* [WORK TASK]
Find the line with "Avoiding or exceeding" in the entries below, then output every line from it down to the line with "Elegant pair of", exactly and with no pictures.

* [PROVIDED DATA]

-- Opening Marker --

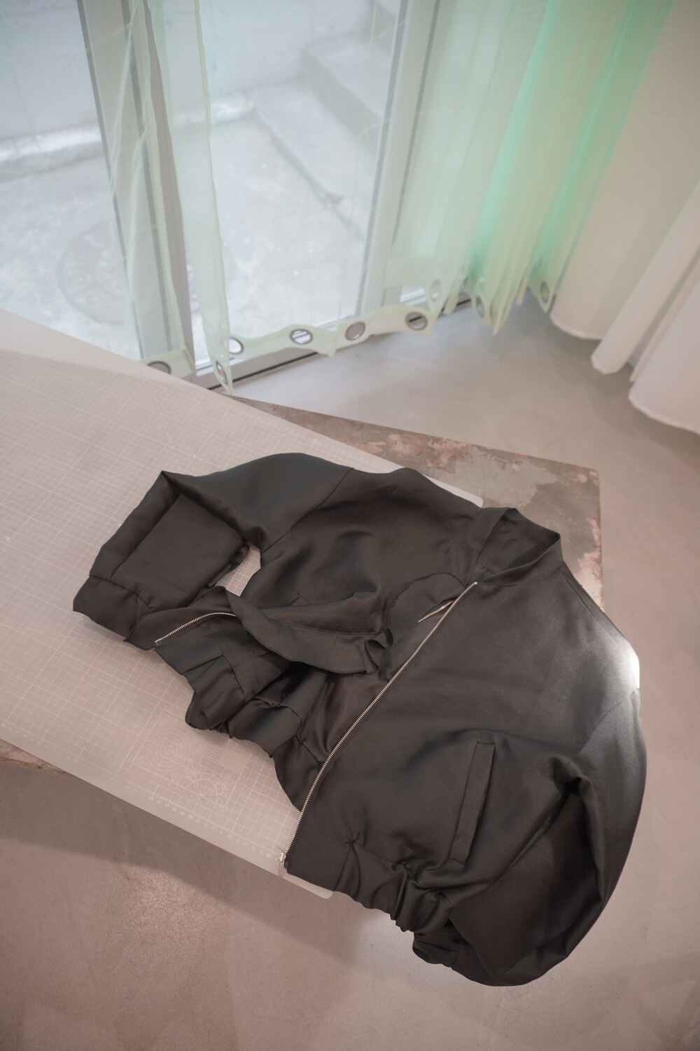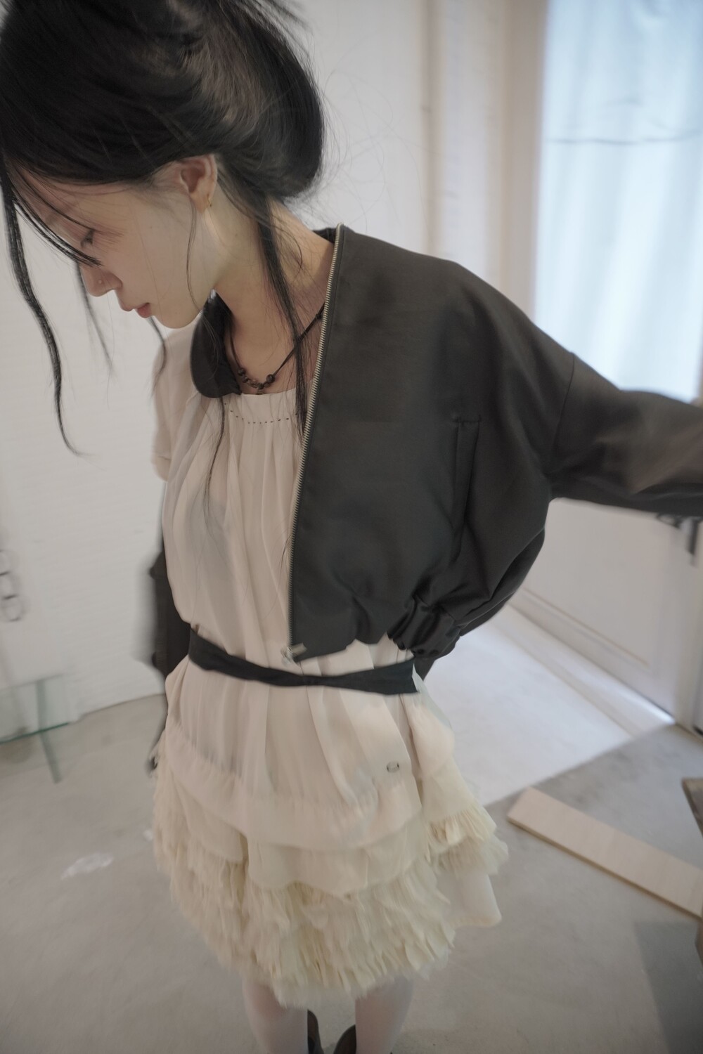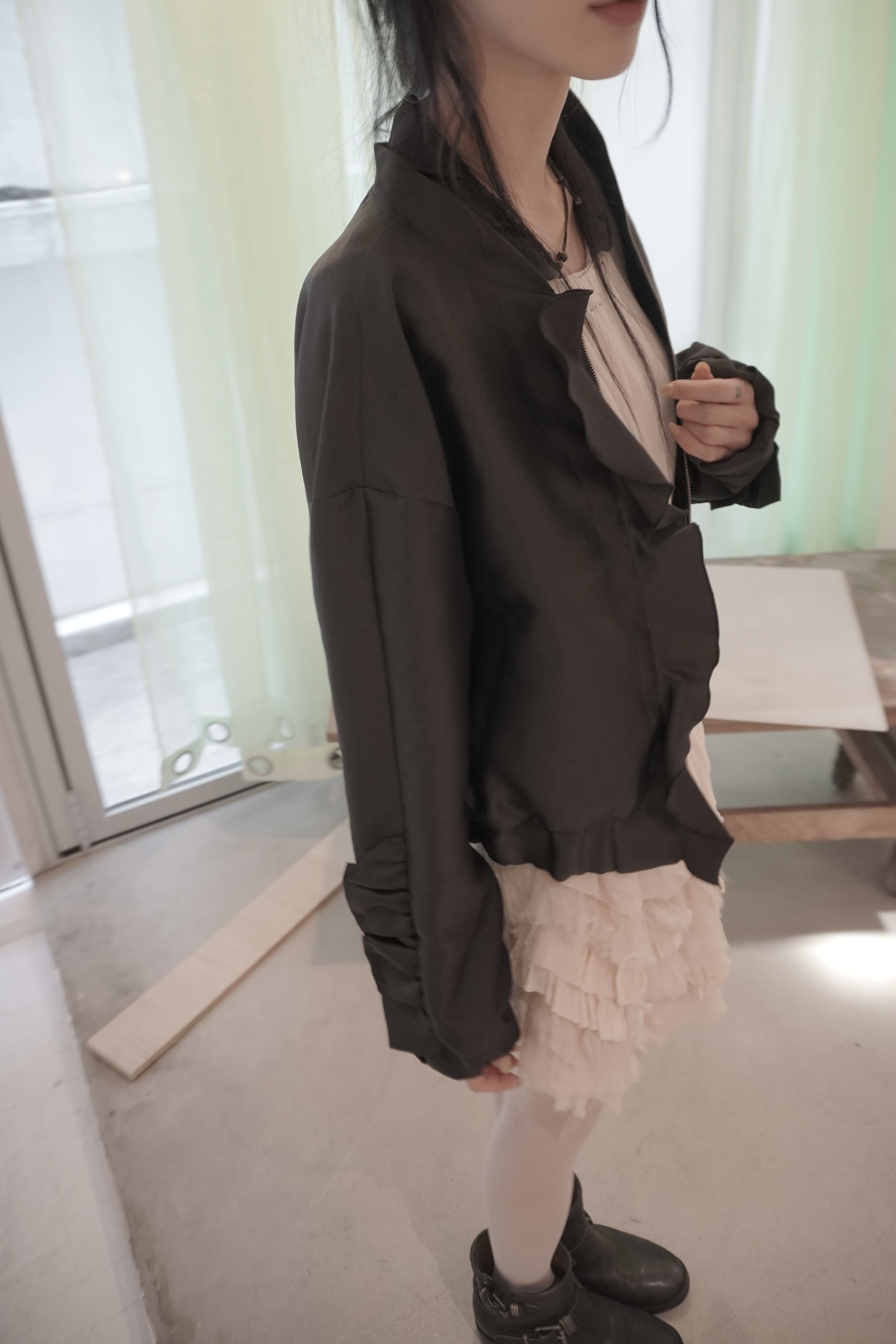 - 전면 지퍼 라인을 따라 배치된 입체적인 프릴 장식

-- Closing Marker --
-- Opening Marker --

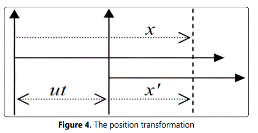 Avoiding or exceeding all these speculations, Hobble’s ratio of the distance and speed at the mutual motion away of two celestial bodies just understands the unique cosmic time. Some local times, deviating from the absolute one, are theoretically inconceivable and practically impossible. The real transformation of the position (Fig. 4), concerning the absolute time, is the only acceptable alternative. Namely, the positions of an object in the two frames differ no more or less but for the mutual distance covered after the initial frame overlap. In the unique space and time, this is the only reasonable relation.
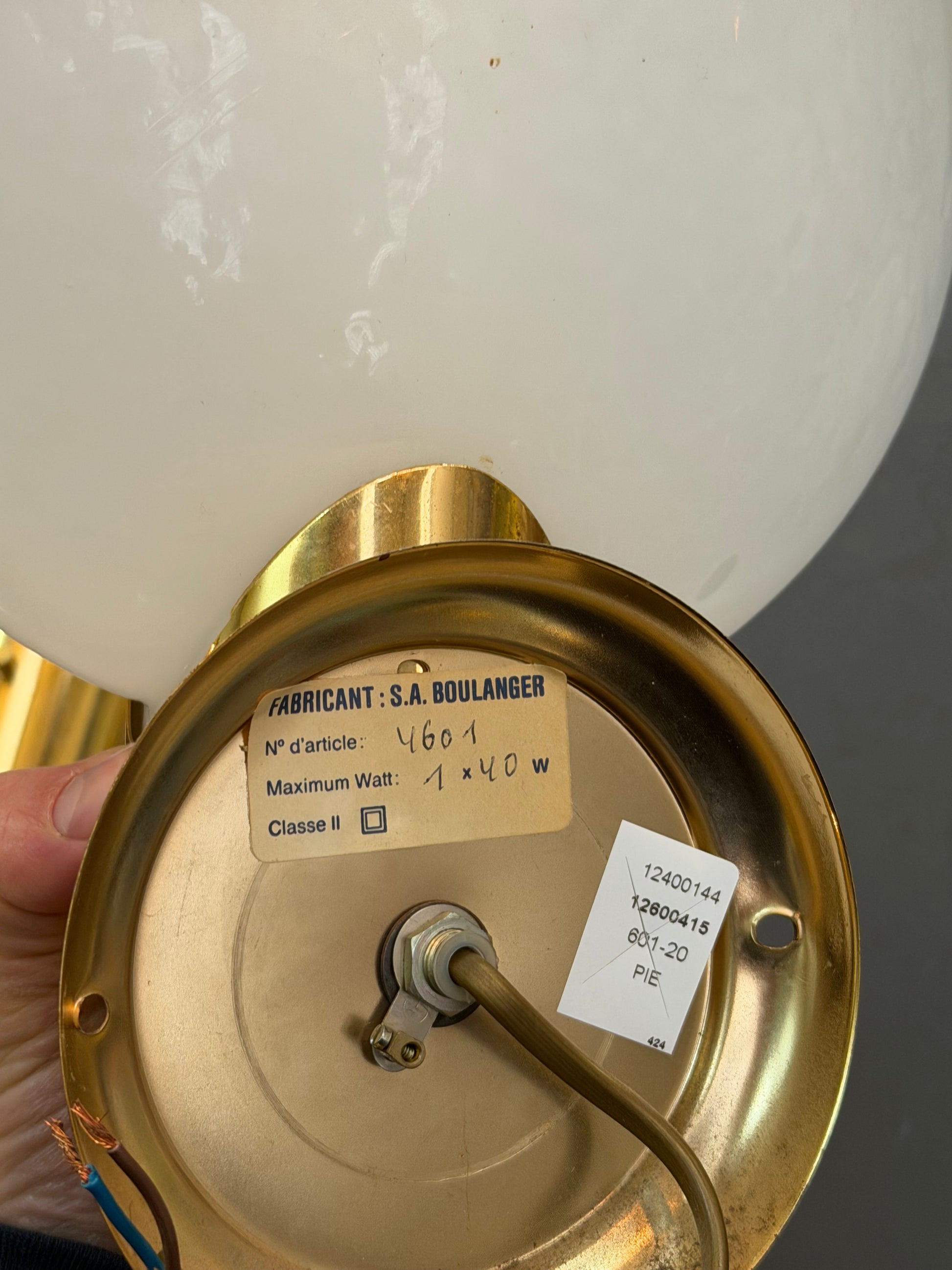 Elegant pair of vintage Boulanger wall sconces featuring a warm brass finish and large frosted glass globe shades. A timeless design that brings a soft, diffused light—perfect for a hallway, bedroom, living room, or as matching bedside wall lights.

-- Closing Marker --

* [EXERCISE SOLUTION]
 Avoiding or exceeding all these speculations, Hobble’s ratio of the distance and speed at the mutual motion away of two celestial bodies just understands the unique cosmic time. Some local times, deviating from the absolute one, are theoretically inconceivable and practically impossible. The real transformation of the position (Fig. 4), concerning the absolute time, is the only acceptable alternative. Namely, the positions of an object in the two frames differ no more or less but for the mutual distance covered after the initial frame overlap. In the unique space and time, this is the only reasonable relation.
 Elegant pair of vintage Boulanger wall sconces featuring a warm brass finish and large frosted glass globe shades. A timeless design that brings a soft, diffused light—perfect for a hallway, bedroom, living room, or as matching bedside wall lights.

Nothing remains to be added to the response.